By Colonel Angus

It has been two years since 'Rulebreaker" so naturally it is time for another Primal Fear album.  Since forming in 1997, the band has been pretty prolific and has managed to release eleven records, this one being their twelfth.  I have heard that the guys get some flak for basically taking the Judas Priest "Painkiller" template and running with it, but I have to say, they have managed to come up with their own sound.  In fact, since Unbreakable, they have been firing on all cylinders and putting out material that has a Primal Fear “sound”.  I won’t lie to you, they almost fall into that category now of AC/DC and Motorhead where you know what you’re going to get even before you play the new disk.  Not that that is a bad thing; there is comfort in familiarity so I’m more than happy to continue receiving their brand of power metal.  The one thing that I will always say is that when they distance themselves from songs like new opening track “New Rise”, they manage to show more of their own true colors.  That track, to my ears, has more of a generic power metal sound which makes the rest of the tracks stand out (in a good way).  “King of Madness”, “Hounds of Justice” and “Eye of the Storm” are all great metal tunes that possess a catchy groove that Primal Fear seems to perform effortlessly.  Even a track like “The Ritual” which contains some new metal (not Nu Metal) guitar sounds still has that unmistakable Primal Fear sound.  If you’re looking for one track that really stand out from the pack, look no further than “Supernova”.  The orchestral elements add a lot to the overall feel of the tune and I would have had it as the closing track on the disk.  Instead, it is in the middle and while a good song is a good song no matter where it falls on the record, I think the flow of the entire album would have benefitted from having it close 'Apocalypse'.
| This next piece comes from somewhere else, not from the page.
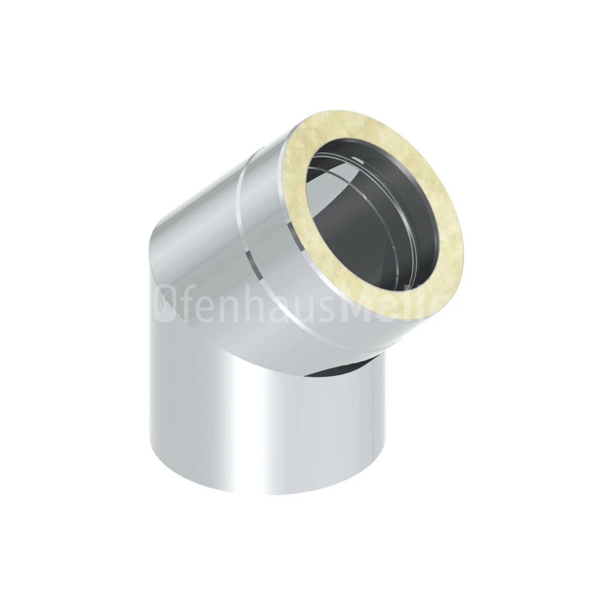 Winkel, Bogen, Segmentbogen 45° für doppelwandigen Design Schornstein aus hochwertigem Edelstahl, mit einer Materialstärke von 0,6 mm und 32 mm Isolierung.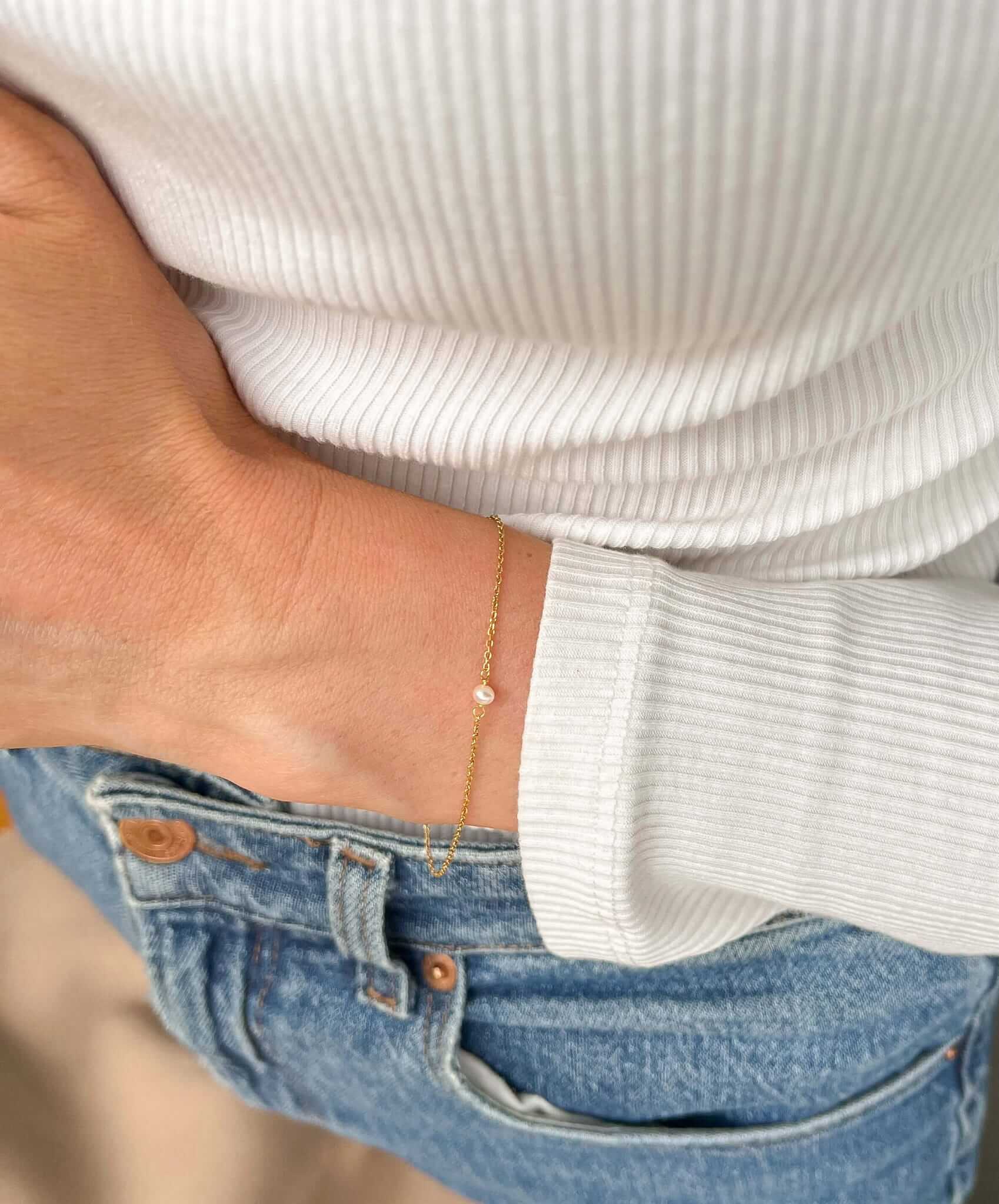 Bransoletka na łańcuszku z perłą srebrna pozłacana Little Pearl I Personalizowany prezent dla Mamy

The band consists of the same guys who created 2012’s "Rulebreaker' making for additional continuity between albums.  While I think all the guys are great players, the star of this show (at least for me) has always been Ralf Scheepers. As the band progressed, Scheepers has continued to show that he is more than just a Rob Halford clone.  In fact, the band as a whole has moved on from sounding a lot like Judas Priest to a band that is influenced by them.  They wear that influence proudly but they have also added their own elements to create their own sound.  Aside from “New Rise”, which isn’t a bad tune, just not that original sounding, the rest of 'Apocalypse" is quality Primal Fear material.  If you’re a fan of theirs, you won’t be disappointed but if you’re new to these guys, this record is a great place to start.